Finding a Möbius transformation, why do I need to expand area?

Question

I'm currently studying for an re-exam in complex analysis, and got a question regarding Möbius transformation.

The exam-question is following:

Find a conform and bijective mapping from $A := ${$ z: 0 < |z| < 1, 0 < Arg(z) < \frac{\pi}{2}$} to $B := ${$z: |z| < 1, |z-1-i| < 1$}.

I've been able to draw the area and visualise it, but no more than that. I looked into the solution given, and to solve it they first extend the area $A$ with $z^2$ so that $A' := ${$ z: 0 < |z| < 1, Im(z) > 0$} and then mapping $A'$ to $B$.

My question is, what exactly makes us want to extend the area $A$ to be able to solve it? The only reason I can come up with is that we want the same number of curves that limits the area. Is this the reason, or am I missing out on something?

Answer 1

Sources to read for problems like this

I've written a couple of other answers recently about how to find conformal maps between specified regions.

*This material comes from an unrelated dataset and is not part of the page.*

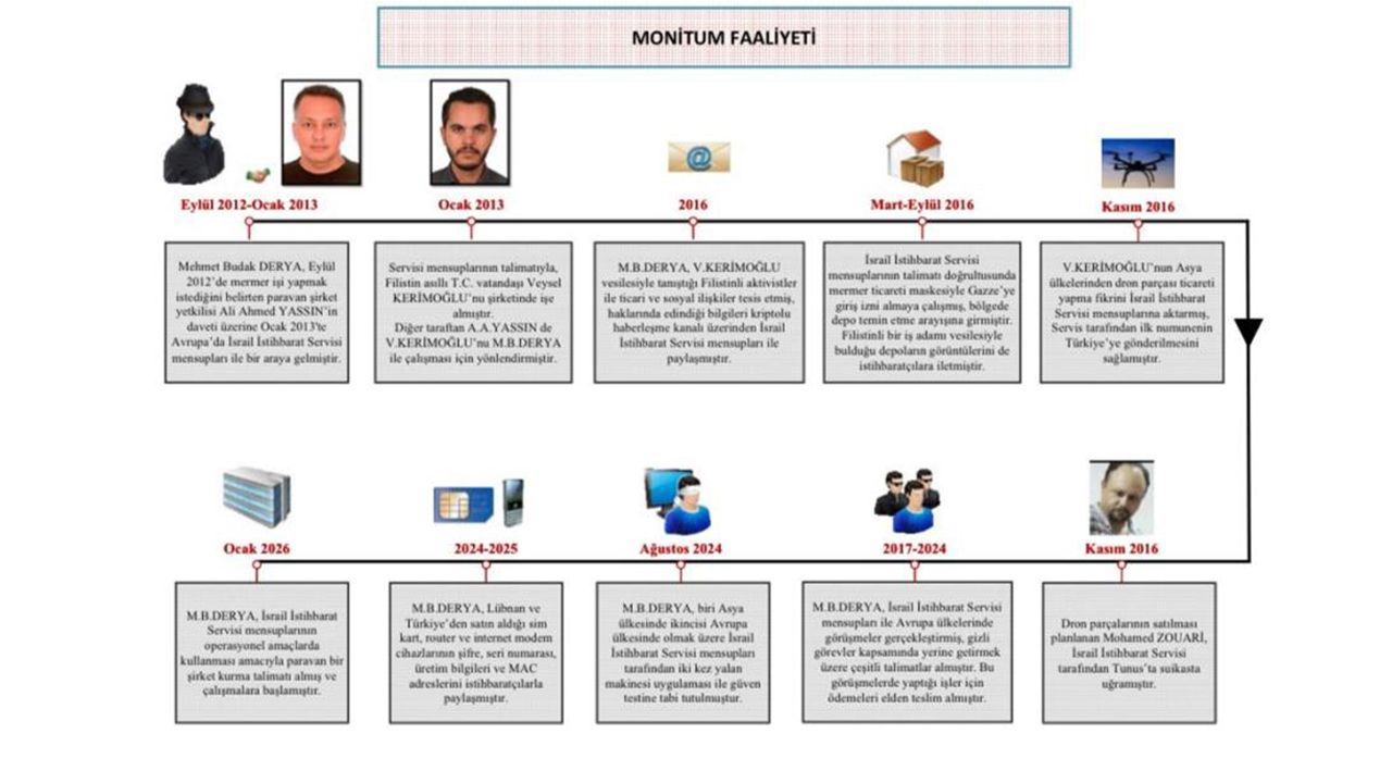 İsrail İstihbarat Servisi mensuplarından aldığı talimat doğrultusunda Veysel Kerimoğlu’nu işe alan ve maaşını bile istihbaratçılardan temin eden Mehmet Budak Derya, arkadaşlık ilişkisi de geliştirdi. M.B. Derya, V. Kerimoğlu ile attıkları her adımı İsrail servisi ile paylaştı. Mehmet Budak Derya, Veysel Kerimoğlu vesilesiyle Orta Doğu ülkelerine yönelik ticari faaliyetlerini arttırdı. Yine V. Kerimoğlu sayesinde tanıştığı, İsrail’in Orta Doğu ülkelerine yönelik politikalarına muhalif Filistinliler ile sosyal ve ticari ilişkilerini geliştirdi. Bu şahıslar hakkında topladığı bilgileri İsrail servisine aktardı. İsrail’in Gazze’yi işgal politikası çerçevesinde tesis ettiği ticari ilişkileri de kullanarak Gazze’ye giriş izni almaya çalıştı. Gazze’de aradığı depoların fotoğraflarını İsrail istihbaratına iletti.

1. General approaches for finding such conformal maps here
2. "Constructing conformal mapping from $\mathbb{C} \setminus \{\text{2 discs plus a line segment}\}$" here
3. "Constructing conformal mapping from union of three overlapping discs" here

Note that for (2) and (3) you may need to go into the edit history, because the OP keeps editing their own post to remove the diagram and other useful info?? Anyway, I think these examples cover most of the standard tricks for problems like this.

Specific reasoning for the current problem

The intuition behind the step you're asking about is: You have a region that's bounded by 3 circles. (Lines count as circles.) By squaring, you can turn it into a region bounded by 2 circles instead, which is simpler.

Here's how I'd do this problem, focusing on reasons behind each step and skipping over some of the computation details.

1. $z mapsto z^2$. Now we have a half-disc, bounded by 2 circles.
2. Mobius transformation: if my region is bounded by 2 circles, I instantly want to apply a Mobius transformation that sends 1 of the intersection points to 0 and the other to $\infty$. (You still have 1 extra degree of freedom on that Mobius transformation but it doesn't matter too much.) After this step, we'll have a quarter-plane.
3. $z \mapsto z^2$ again. This takes us from a quarter plane (bounded by 2 circles) to a half plane (bounded by 1 circle, as simple as it gets).

To map $B$ to the upper half plane I'd use similar logic.

1. We're starting with a region bounded by 2 circles. Find the intersection points and use a Mobius transformation to map one intersection point to $0$ and the other to $\infty$. We'll end up with a quarter-plane again.
2. Square the quarter-plane to get a half-plane.

Final note: in general, the trick about mapping the region between two circles by sending intersection points to 0 and $\infty$ will not always create a quarter-plane. It will always be a nice region between two rays that start at $0$, but the region could have a different size depending on what the original circles were. For example, if you started with the region $\{z \in \mathbb{C} : |z|<1 \text{ and } |z-1|<1\}$ then the trick would move you to a "sixth of the plane" like $\{z \in \mathbb{C} : \text{arg}(z) \in (0, \frac \pi 3)\}$. From there you'd still want to get a half-plane, but this time you should use $z \mapsto z^3$ instead of $z \mapsto z^2$. Do you see why?